Work instruction =>
The full listing is to be returned exactly as given, but without pictures.

Supplied data =>
'''
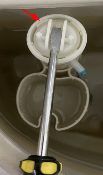 HTC抽水馬桶滿水有異音,發現注水處有些微水流出(紅色箭頭處),懷疑注水處漏水第一步先將進水處關閉,下圖中關水用鉗子逆時針方向旋開(不要用一字起旋開,因為通常很緊,無法旋開)這個裝置叫三角凡爾,原理如下圖它的原理是順時針旋入時塑膠頂針頂入後才會注水第二步將上蓋撬開(注意!!用一字起子,利用槓桿原理往下壓,不要往上扳,否則無法打開且藍色蓋子會損壞)藍色上蓋的型號是HCG CF1355A-BK蝦皮一組要 $790,另外請師傅的工錢應該大於這個價錢!!第三步從左側移除插銷(用兩隻手,右手壓推,左手拉),之後就可以移除槓桿及浮水裝置插銷移除後第四步用一字起逆時針將其轉至紅色箭頭處,就可以取出止水墊片分離黑色墊片後,用刷子清潔後,反步驟裝回
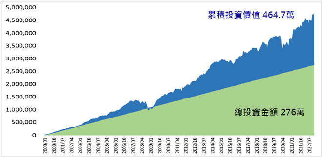 自2000月1月每月投入台幣1萬元,到2022年底的累積成果
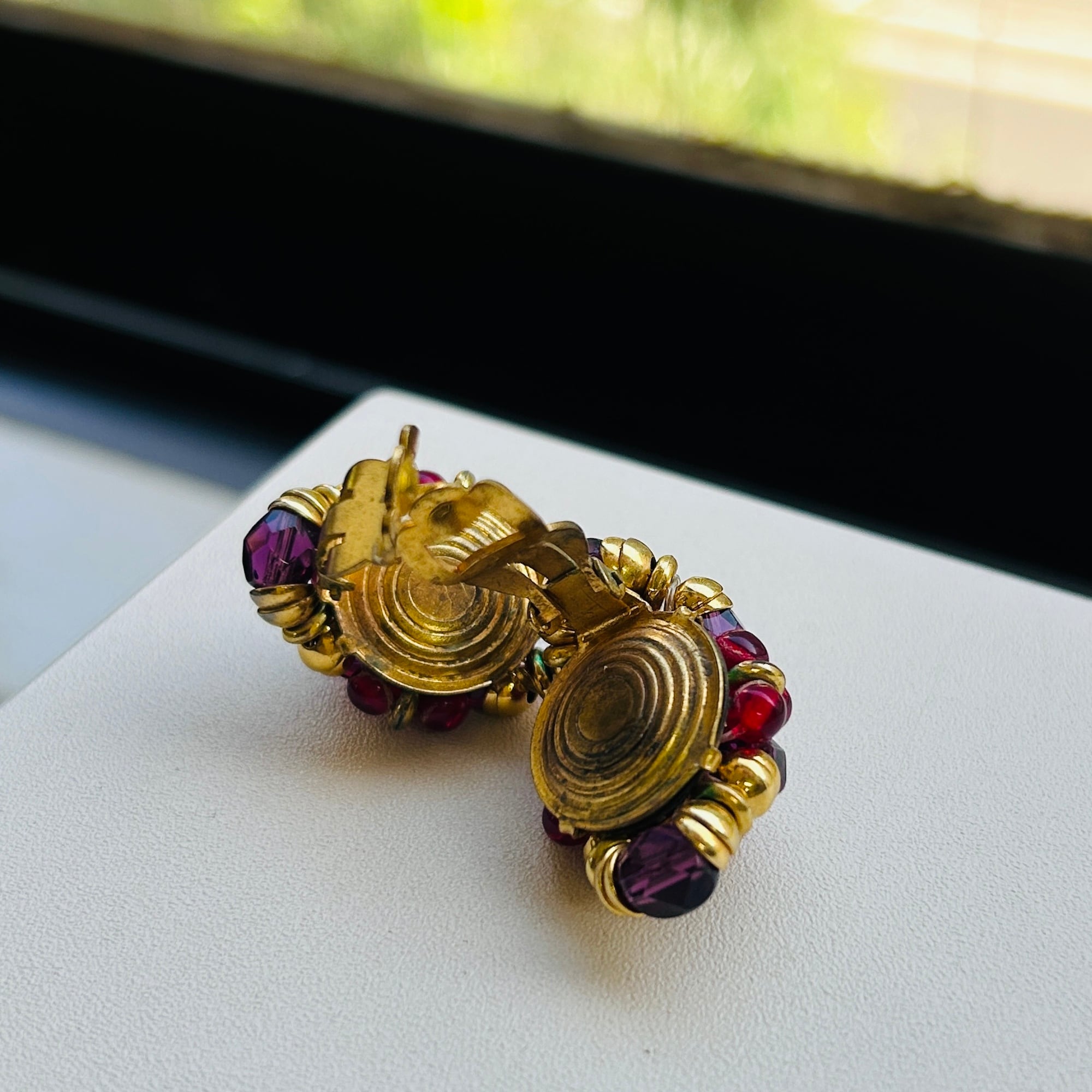 仏ヴィンテージ ビーズイヤリング(wine / red / gold)
'''
Problem solution =>
 HTC抽水馬桶滿水有異音,發現注水處有些微水流出(紅色箭頭處),懷疑注水處漏水第一步先將進水處關閉,下圖中關水用鉗子逆時針方向旋開(不要用一字起旋開,因為通常很緊,無法旋開)這個裝置叫三角凡爾,原理如下圖它的原理是順時針旋入時塑膠頂針頂入後才會注水第二步將上蓋撬開(注意!!用一字起子,利用槓桿原理往下壓,不要往上扳,否則無法打開且藍色蓋子會損壞)藍色上蓋的型號是HCG CF1355A-BK蝦皮一組要 $790,另外請師傅的工錢應該大於這個價錢!!第三步從左側移除插銷(用兩隻手,右手壓推,左手拉),之後就可以移除槓桿及浮水裝置插銷移除後第四步用一字起逆時針將其轉至紅色箭頭處,就可以取出止水墊片分離黑色墊片後,用刷子清潔後,反步驟裝回
 自2000月1月每月投入台幣1萬元,到2022年底的累積成果
 仏ヴィンテージ ビーズイヤリング(wine / red / gold)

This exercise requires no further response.